[Stored items]
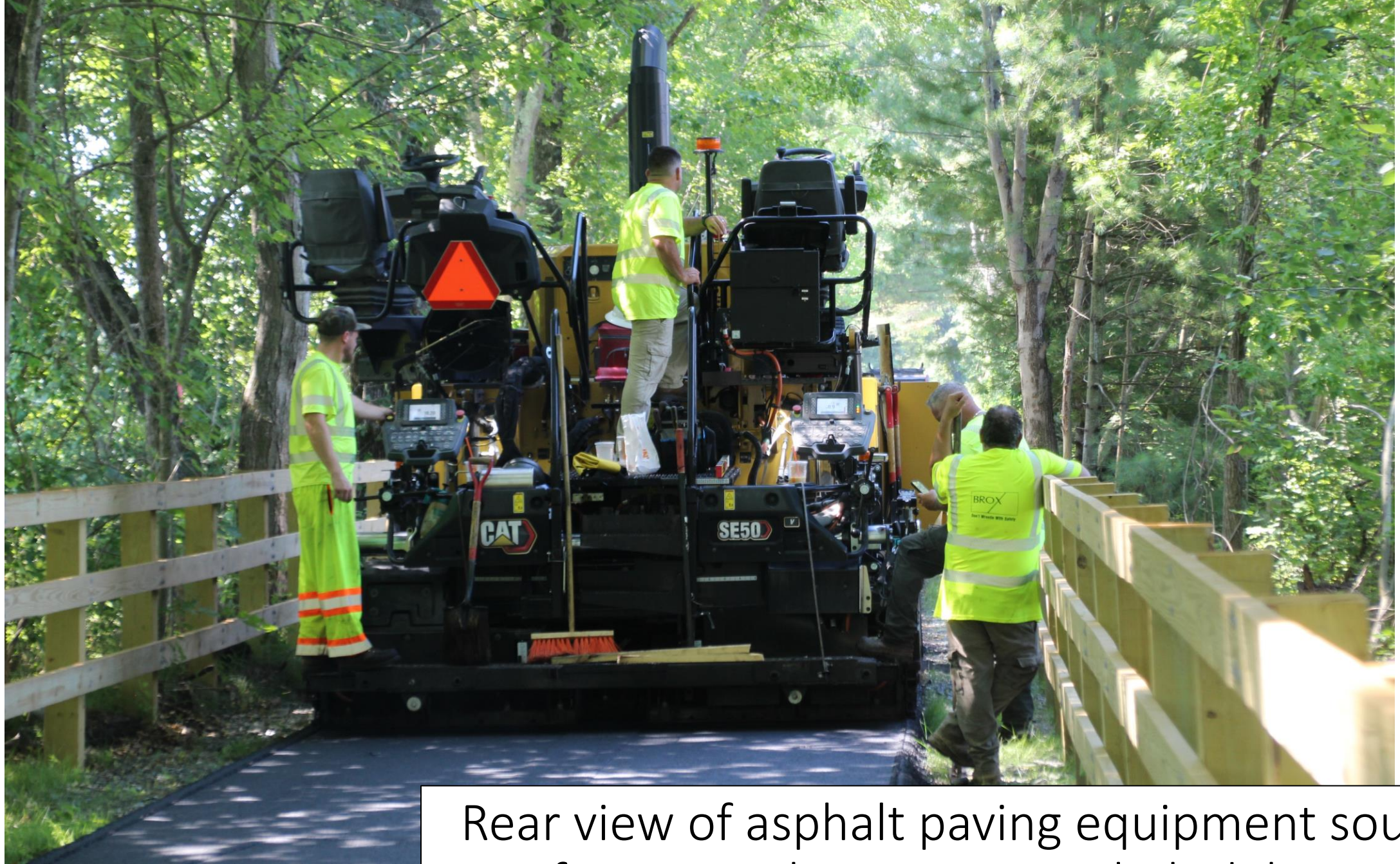
Rear view of asphalt paving equipment south of Hop Brook, awaiting asphalt delivery.
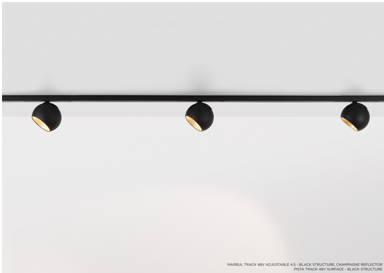
MARBUL TRACK 48V ADJUSTABLE 4.5 - BLACK STRUCTURE, CHAMPAGNE REFLECTOR PISTA TRACK 48V SURFACE - BLACK STRUCTURE
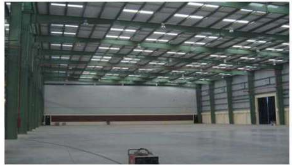
/ Motorbikes Factory Expansion
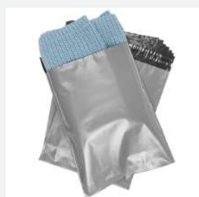
Shipping bags and parcels
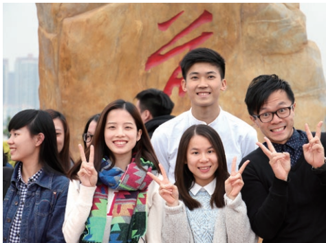
SCOM staff and students visited Qianhai. 傳播學院師生到訪前海。
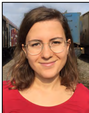
Bulëza Emerllahu Graduate School
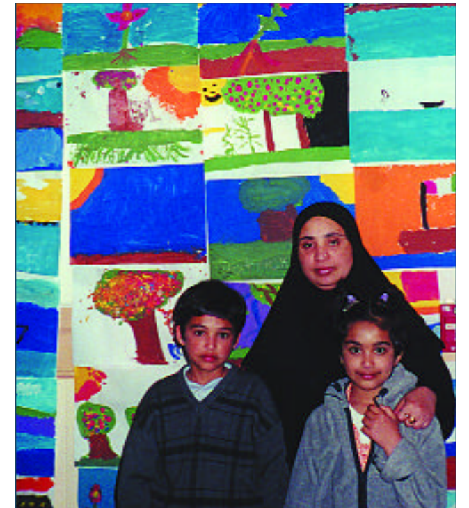
Budding young artists show off their artistic talent as part of the Children's Mural Project at the Bayview Opera House.

The strong presence of existing murals on public buildings celebrates the past and present in a rich and powerful manner. Public art that connects people to place—especially historical or environmental artworks—enriches the everyday
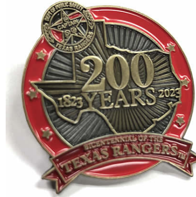
Texas Ranger Hall of Fame Bicentennial Pin

Please click here to learn more about the program.
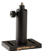
Stand with Delrin Post (Model Number: 200428)
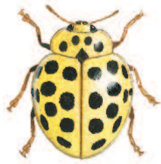
Twentytwo-spot Ladybird Thea 22-punctata (5 mm)
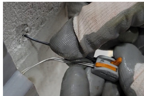
7. Make anode wiring connections

Make connections to steel as per engineer's instructions. Anode wires are connected to the steel connections at both ends of the anode using the wiring connector provided. If the anode connection wire requires insulation stripping, remove insulation to the length specified by the connector. Lift levers fully and place wires into the connector, one wire per connection hole. Fold down the lever and firmly click into the locked position—test the connection by lightly tugging each wire. Encapsulate the entire connection inside of the gel-filled insulation box provided, closing firmly.
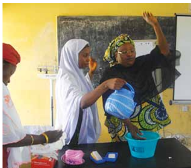
Training TBAs on the processes of glove wearing
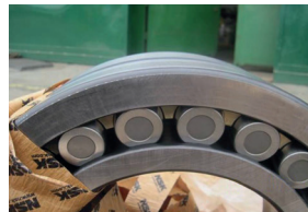
A. Authentic NSK product
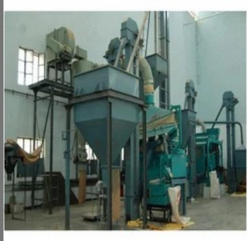
Seed Cleaning & Shorting Plant
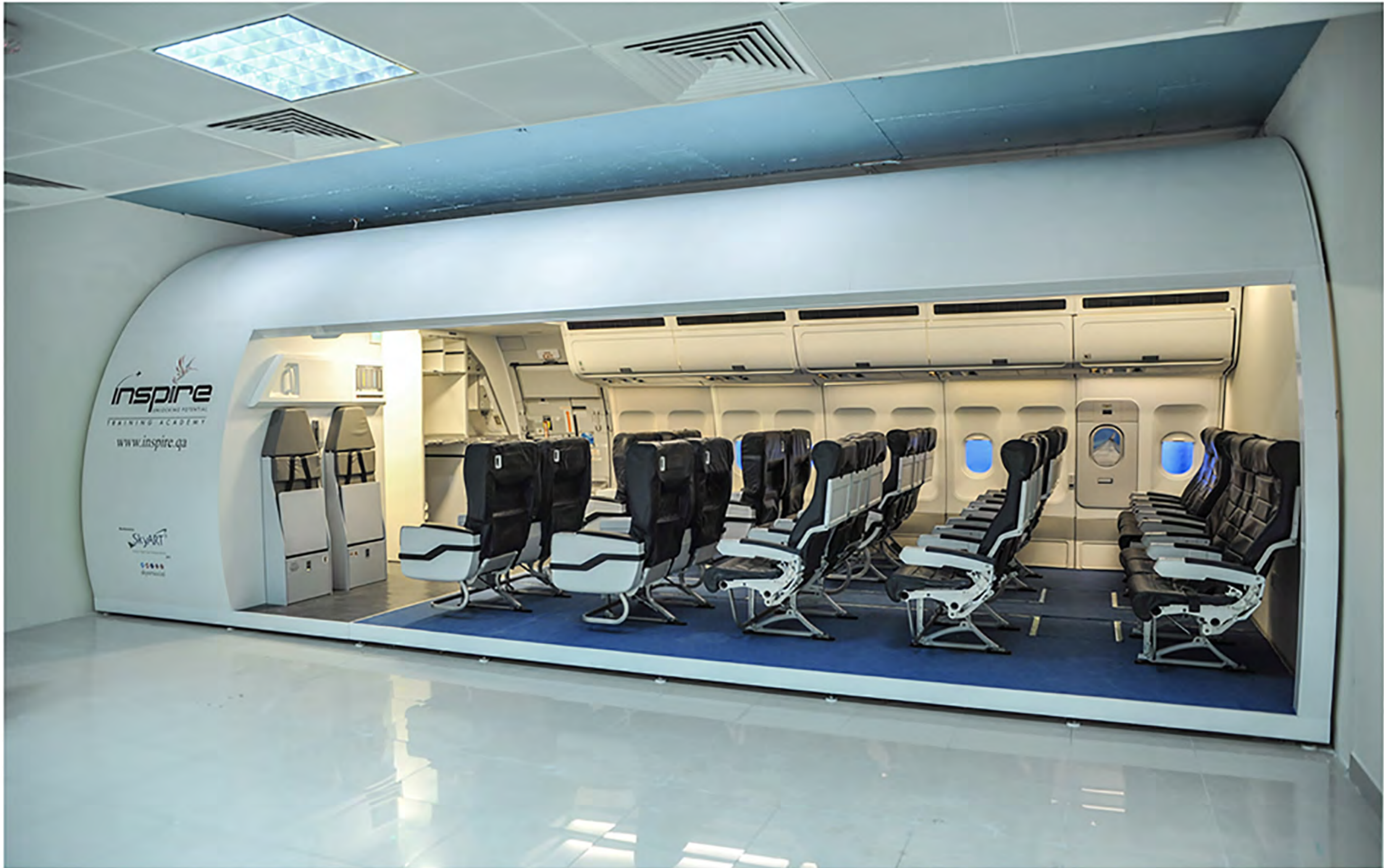
INSPIRE TRAINING ACADEMY AIRBUS NARROW BODY CABIN SERVICE TRAINER

### ABOUT THIS EXERCISE
In the data, how many lines include the string "wiring"? Reply with only that number.

### RESPONSE BOX
2